> _EXTRACTED RECORDS_
-.-.-

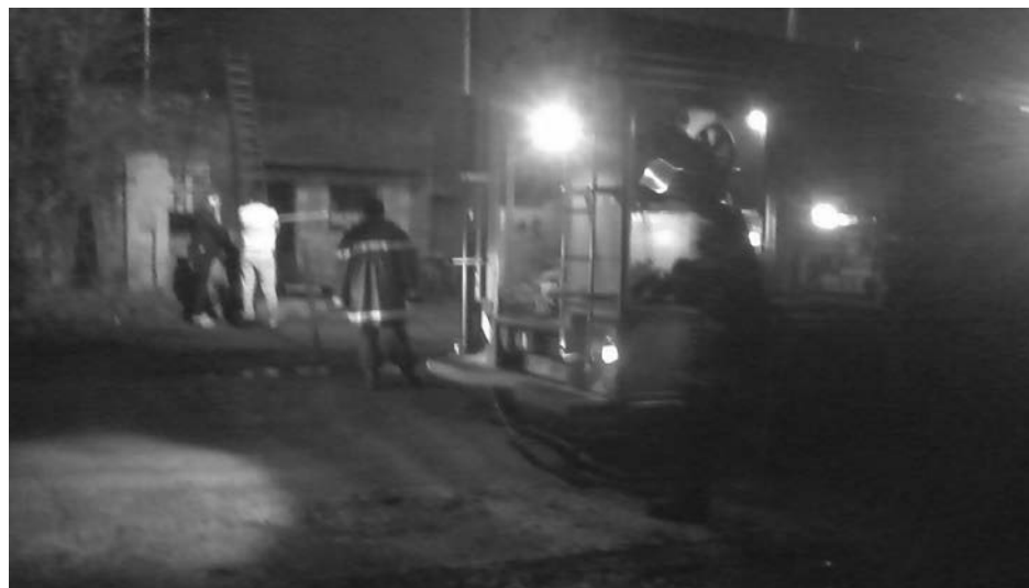
Importantes daños materiales sufrió la vivienda.
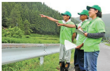
農地パトロールの様子

ル結果は整理され、把握した遊休農地の所有者に対しては、農地の利用意向を調査することになります。
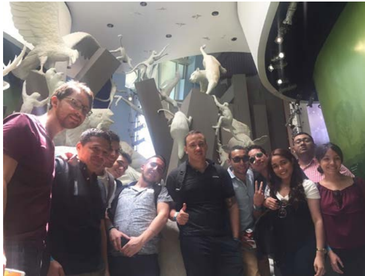
Imagen No. 33 – Participantes del XXV Taller Internacional Interdisciplinario Panamá durante la visita al Biomuseo.
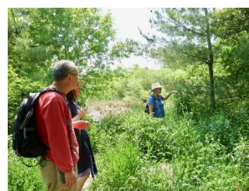
听一位熟悉植被的姊妹讲解
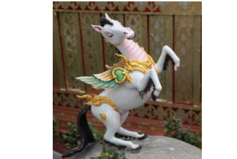
ดุรงค์ปีกขนิษฐ์ ตัวเป็นม้า พื้นสีขาว มีปีกและหางเป็นนก สีเขียว ผมแปรง กีบสีดำ
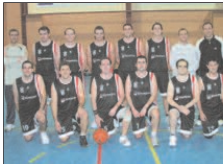
Plantilla del CB Castalla en el pabellón municipal
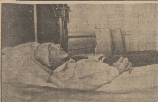
Zdjęcie króla Alberta na łożu w zamku Leseken. Złamana głowa epowita została bandażem. Na prawo: królewski pałac w Brukseli, przed którym wydawione były zwłoki na widok publiczny.

Redaktor naczelny przyjmuje od godz. 11 — 1 i od 6 — 7. Rękopisy redakcja nie zwraca.
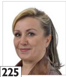
225 Hursti Lea sisustusteknikko
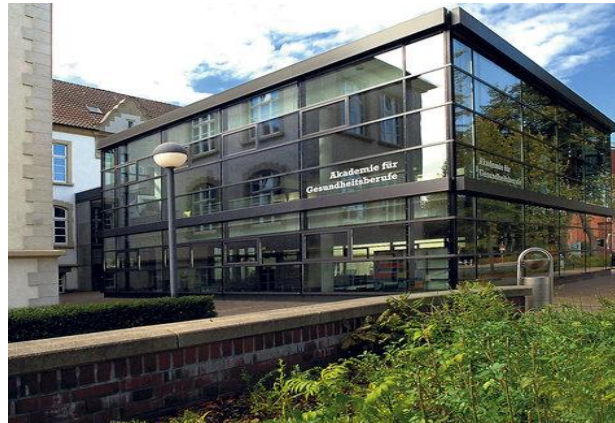
Akademie für Gesundheitsberufe, Rheine
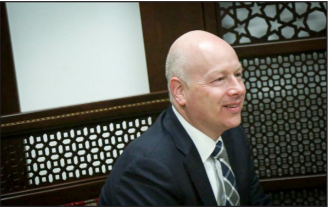
جيسون غريبلانت معوث ترامب إلى الشرق الأوسط

بعيدا عن الاضواء، وبعد أن تراجع الاهتمام السياسي والإعلامي بالشرق الأوسط إلى أماكن أخرى في أعقاب زيارة الرئيس ترامب في الرياض والقدس، تستمر المحاولات الأمريكية لإعادة تحريك العملية السياسية في المسار الإسرائيلي الفلسطيني. تعبير بارز عن التصميم لاقتحام الجسود ووضع مبادئ أساسية متفق عليها بين الأطراف تؤدي إلى التقدم التدريجي نحو الحل، يمكن ملاحظته في قيام شخصين من مستشاري الرئيس إلى المنطقة، غراد كوشنر وجيسون غرينبلت، رغم أنه في المرحلة الحالية يبدو أن الوصفة السحرية التي ستؤدي إلى الاتفاق على هذه المبادئ ما زالت بعيدة عن التحقق، إلا أن هناك حقيقة واضحة: في الوقت الذي اعتبرت فيه إدارة أوباما منذ بداية طريقها أن الحل الدائم هو شرط مبدئي وخضية قفز ضرورية من أجل الوصول إلى شرق أوسط جديد، برعاية الولايات المتحدة، فإن الإدارة الجديدة لا تعتبر أن هذه الجبهة هي أساس كل شيء. بل على العكس، في نظر الإدارة الحالية الحديث يدور عن لعبة واحدة فقط داخل مبنى إقليمي واسع يربط ترامب بتشكيله وخلق الاستقرار فيه مع منح الأولوية في هذا الإطار لكافة الخط السعودي وليس الفلسطيني. حقيقة أن المملكة السعودية التي تشعر بالتهديد بسبب ازدياد قوة إيران في أعقاب «اتفاق فيينا» جعلتها تتحرك سياسة المصالحة التقليدية مع
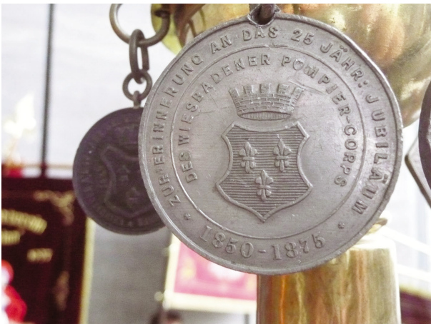
Bild 13: Medaille zur Erinnerung an das 25jährige Jubiläum des Wiesbadener Pompiers Corps 1850-1875

Das bei Jubiläen Feuerwehren-Medaillen als Erinnerung ausgegeben worden sind, ist durchaus bekannt und nicht einmal sehr selten. Lediglich die Befestigung an einer Feuerwehrfahne war dem Verfasser so nicht bekannt. Dies gilt gleichermaßen für die Medaille „Zur Erinnerung an das 25jährige Jubiläum des Wiesbadener Pompiers Corps 1850-1875“.
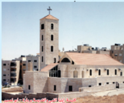
كنيسة ابناء الكنيسة القديسة جورج في أبو نصير

بعد شراء الأرض قمت بعمل المخططات الهندسية الكاملة والتي شملت بناء كنيسة وقاعة للشبيبة ومدارس الأحد ومنزلاً للكاهن بمساحة اجمالية تقدر بحوالي ١١٠٠ متر مربع. بتاريخ ٢٠٠٥/٩/١٠ بدأنا العمل بحفر الأساسات. وقد واجهنا مشكلة وجود تربة رملية ضعيفة معاً استعملنا التزول بالحفر إلى عمائة أمتار عن مستوى
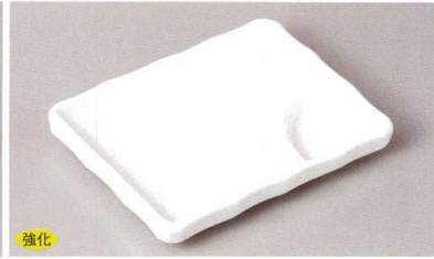
強化 269-3-79H 900円 白磁5.5長角仕切皿 13.5×10.5×1.8cm
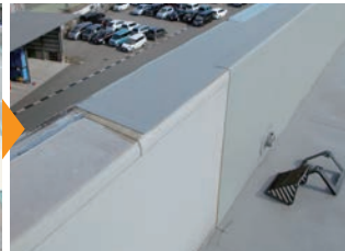
▲パラペットも既存シートの上に平滑に接着工法で施工した
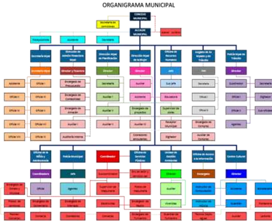
Ilustración 1: Organigrama Municipalidad de Momostenango

La respuesta a las problemáticas priorizadas para atender en el próximo quinquenio no será posible de forma unilateral, sino creando estrategias de coordinación institucional con otros actores con presencia local, sean estos del sector público o privado, organismos locales o internacionales.
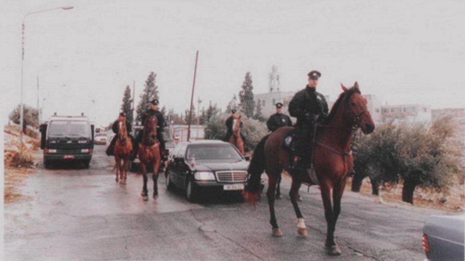
Հայկական Մեծնոց դեպի Բերդիեւ, 18 Յնվր. 1999, Իսրայելեան ինկոգիտներ Պատրիարք Արքայանի ինժեներապետին ուստ րափօրը կ'աւազ Եւ. Եղի Ա.Ր.Ա.Ր.Ք.Ձ. ղեկավար գերեզմանը
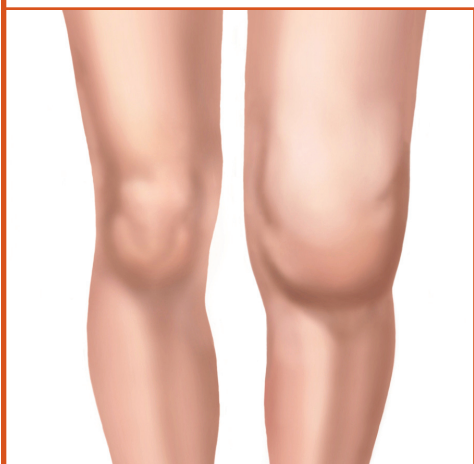
Joelho com artrite.
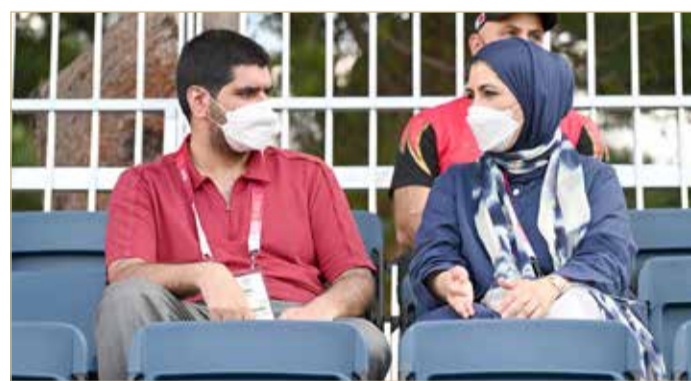
سمو الشيخ عيسى بن علي مع الأمين العام المساعد للجنة الأولمبية الإماراتية

البلاد | حسن علي:

-.-.-

> _EXERCISE INSTRUCTIONS_
Using the data above, retype exactly the lines from the line with "Redaktor naczelny przyjmuje" to the line with "جيسون غريبلانت معوث ترامب إلى الشرق الأوسط", inclusive. No pictures and nothing else.

> _TASK RESPONSE_
Redaktor naczelny przyjmuje od godz. 11 — 1 i od 6 — 7. Rękopisy redakcja nie zwraca.
225 Hursti Lea sisustusteknikko
Akademie für Gesundheitsberufe, Rheine
جيسون غريبلانت معوث ترامب إلى الشرق الأوسط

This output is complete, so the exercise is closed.